The input file is in the following format:
M and N, the size of the 2D grid.M lines each contain N integers separated by spaces, each integer is either 0 or 1. This indicates the initial state of the grid. 0 means an animal is initially uninfected, and 1 means it is initially infected.You should output a single integer, giving the total number of barriers used.
Sample Input 1:
4 8
0 1 0 0 0 0 0 1
0 1 0 0 0 0 0 1
0 0 0 0 0 0 0 1
0 0 0 0 0 0 0 0
Sample Output 1:
10
Explanation 1:
Initially there are two infected groups on the grid.
0 1 0 0 0 0 0 1
0 1 0 0 0 0 0 1
0 0 0 0 0 0 0 1
0 0 0 0 0 0 0 0
On the first day, the left group endangers 5 uninfected animals, while the right group endangers 4. Therefore, we build barriers around the left group.
0 | 1 | 0 0 0 0 0 1
0 | 1 | 0 0 0 0 0 1
-
0 0 0 0 0 0 0 1
0 0 0 0 0 0 0 0
As seen above, this consumes 5 barriers. Then, the first night, the virus spreads from the right group:
0 | 1 | 0 0 0 0 1 1
0 | 1 | 0 0 0 0 1 1
-
0 0 0 0 0 0 1 1
0 0 0 0 0 0 0 1
On the second day, we only have one uncontained group left. Therefore, we build barriers around the right group:
0 | 1 | 0 0 0 0 | 1 1
0 | 1 | 0 0 0 0 | 1 1
-
0 0 0 0 0 0 | 1 1
-
0 0 0 0 0 0 0 | 1
This consumes another 5 barriers. Now the virus is fully contained.

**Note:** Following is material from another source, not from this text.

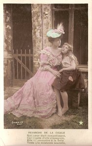 1905? Five photographic postcards presenting "Revanche de la Cigale," apparently a sequel to "La Cigale et la Fourmi," presumably after La Fontaine. VBC Série No. 3046. Stebbing Photographic Studios. All were sent to Mademoiselle Marie Louise Bruyère (chez ses Parents), Grande rue à St Genis, Laval, Rhône. At least one card is clearly dated 1907. $9.99 from Joachim Montbord, La Sauve, France, through eBay, March, '04.
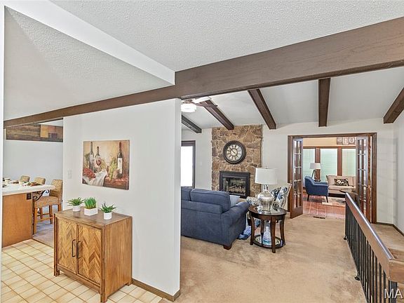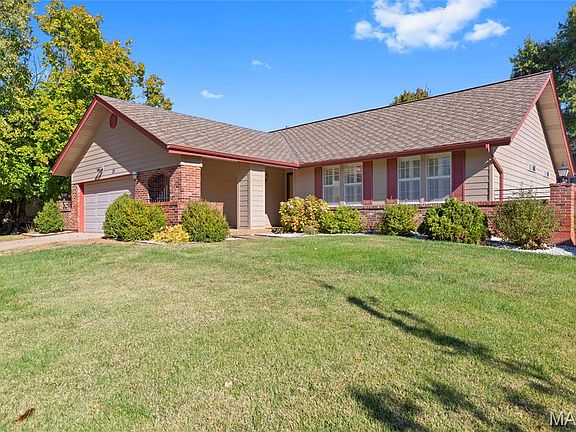 Discover comfort, character, and time capsule charm in this beautifully maintained 3-bedroom, 2-bath home, nestled on a peaceful cul-de-sac street lined with mature trees and streetlights. While not located in the cul-de-sac itself, the home enjoys a quiet setting with minimal traffic and a serene neighborhood vibe that’s hard to find in newer developments. The partial brick exterior and double front doors make moving in easy, while the covered front porch with aggregate concrete adds to the home’s curb appeal and offers a great place to relax. Inside, you’ll find a vaulted and beamed ceiling in the living room, a stunning stone-faced gas fireplace, and an adjacent vaulted atrium room filled with natural light—ideal as an exercise room, indoor garden, or peaceful retreat. The kitchen offers a functional layout with stainless steel appliances, a breakfast bar, and a cozy breakfast room—perfect for casual dining. The primary suite features a walk-in closet, a sunny sitting space, and a refreshed en suite bath with a granite vanity and soaking tub. The shower portion was removed, but the plumbing remains in the wall. Secondary bedrooms both include ceiling fans and plantation shutters, and they share a hall bath that has also been updated with granite finishes. From the living room, step through the sliding door to a composite deck overlooking a flat, fully fenced backyard framed by a 6-foot cedar privacy fence. It’s the perfect space for pets, entertaining, or simply unwinding in your own private outdoor space. The finished 2-car garage offers extra convenience and storage. The large blank canvas basement can be an all-seasons play space or designed and styled into your perfect lower-level retreat. Mechanical updates include a high-efficiency furnace and AC system installed in 2022, and Class 4 impact-resistant shingles—offering peace of mind and potential insurance savings. This home perfectly blends thoughtful updates with enduring quality and a setting that offers mature trees, neighborhood charm, and a level of peace that new construction can’t match. Come experience this rare blend of comfort, privacy, and timeless appeal—your next home might already be waiting. Francis Howell North! Don't Sleep on Your Dream Home, Sleep in It! OPEN HOUSE Sunday, Nov 2nd from 1pm - 3pm. (Don't forget to change your clocks!)

Therefore, in total, we used 5 + 5 = 10 barriers.
Sample Input 2:
3 8
0 1 0 0 0 0 0 1
0 1 0 1 0 0 0 1
0 0 0 0 0 0 0 1
Sample Output 2:
16
Explanation 2:
Initially there are three infected groups on the grid.
0 1 0 0 0 0 0 1
0 1 0 1 0 0 0 1
0 0 0 0 0 0 0 1
On the first day, the left group endangers 5 uninfected animals, the middle group endangers 4 uninfected animals, while the right group endangers 3. Therefore, we build barriers around the left group.
0 | 1 | 0 0 0 0 0 1
0 | 1 | 0 1 0 0 0 1
-
0 0 0 0 0 0 0 1
This consumes 5 barriers. Then, the first night, the virus spreads:
0 | 1 | 0 1 0 0 1 1
0 | 1 | 1 1 1 0 1 1
-
0 0 0 1 0 0 1 1
Not counting the contained left group, we have two groups left. The middle group endangers 5 animals while the right group endangers 3. We build barriers around the middle group on day 2:
0 | 1 | 0 | 1 | 0 0 1 1
- -
0 | 1 | 1 1 1 | 0 1 1
- - -
0 0 0 | 1 | 0 0 1 1
This consumes another 9 barriers, note that the existing barrier is not counted again. The virus spreads on the second night:
0 | 1 | 0 | 1 | 0 1 1 1
- -
0 | 1 | 1 1 1 | 1 1 1
- - -
0 0 0 | 1 | 0 1 1 1
Only one group left, so in our third day we install barriers around the right group:
0 | 1 | 0 | 1 | 0 | 1 1 1
- -
0 | 1 | 1 1 1 | 1 1 1
- - -
0 0 0 | 1 | 0 | 1 1 1
This takes another 2 barriers, and now the virus is fully contained.
Therefore, in total, we used 5 + 9 + 2 = 16 barriers.